30 de janeiro de 2007
Sismar, amar...
(Um conto pra você Ismar)
-- Alice Sant´Anna:
"Eu ainda tinha dentes de leite quando fomos apresentados. Não estou exagerando. Ismar, quando aparecia aqui em casa, falava em livros e música e cinema e mais um vasto repertório, aparentando no mínimo trinta anos. Talvez fossem os cabelos, ou o colete de francês em plena Nouvelle Vague: o fato é que Ismar era sinônimo de evento. De escolher tópicos e saia de bolinhas, só pra ver a sua barba se abrindo em sorriso de aprovação.
Cantando de braços dados uma marchinha de carnaval, hoje, percebo como é difícil mudar essa impressão.

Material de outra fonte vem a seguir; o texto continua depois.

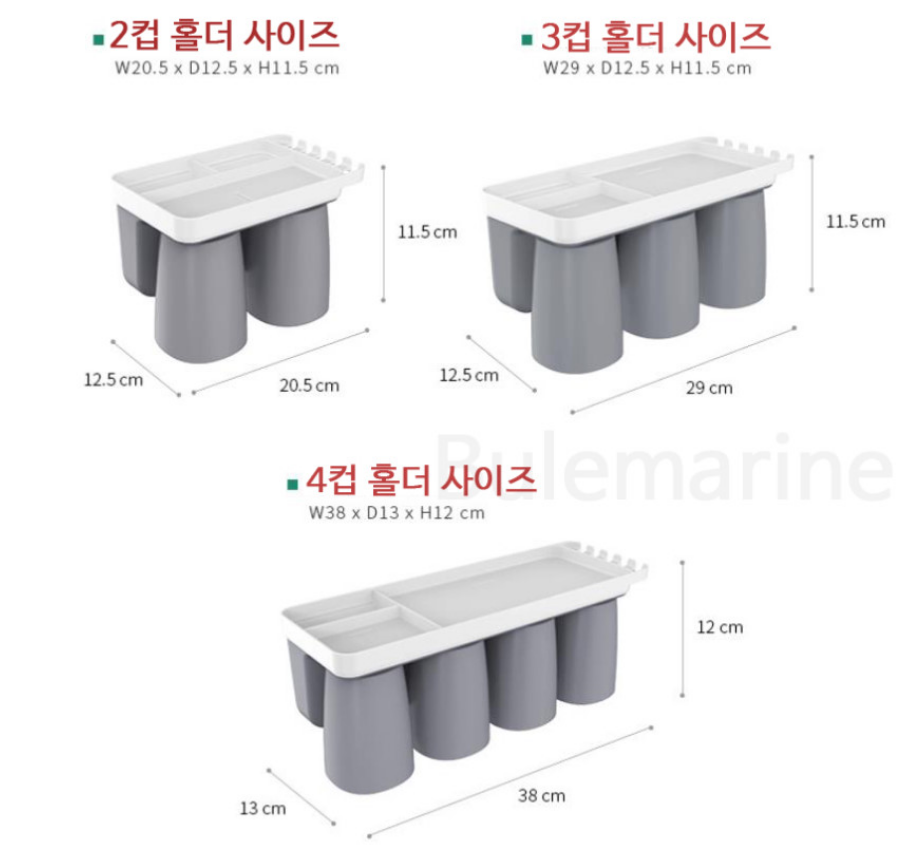 거꾸로 자석 위생 치솔컵꽂이 3인용

É que a sua presença não é dessas discretas, camufladas, num canto de sala. Ismar que diz: atente para isso ! e me mostra músicas cheias de violinos e outros instrumentos que só ele é capaz de inventar, num movimento de mãos, olhos e dentes.
A sua arquitetura é para ser estudada. De camisa listrada - ele cabe no seu corpo ? Sentado na cama, à meia-luz do abajur, as paredes com fotografias de filmes em preto e branco e citações de Bandeira a Sartre, Ismar às vezes é só fumaça de cigarro, pairando pelo quarto. Nos tênis, ele escreveu com caligrafia antiga: "um gênio", no esquerdo, "ou uma besta ?", no direito.
Os anjos tortos são sempre mais espertos, e preferem o gauche. Ismar que descarta uma cidade inteira com um levantar de sobrancelhas -- porque o que é feio e de mau gosto, ah que ele comenta ! Mas também, e principalmente, aquele que vibra, que não se contém num solo de trompete ou numa palavra bonita. Num observar de detalhes que parece que engole a gente, porque o menino é, acima de tudo, poeta.
A verdade é que Ismar não existe. É verbo na primeira conjugação, é criação da própria criatura, é personagem tão rico que expande os limites e dá inveja para os outros contadores de história."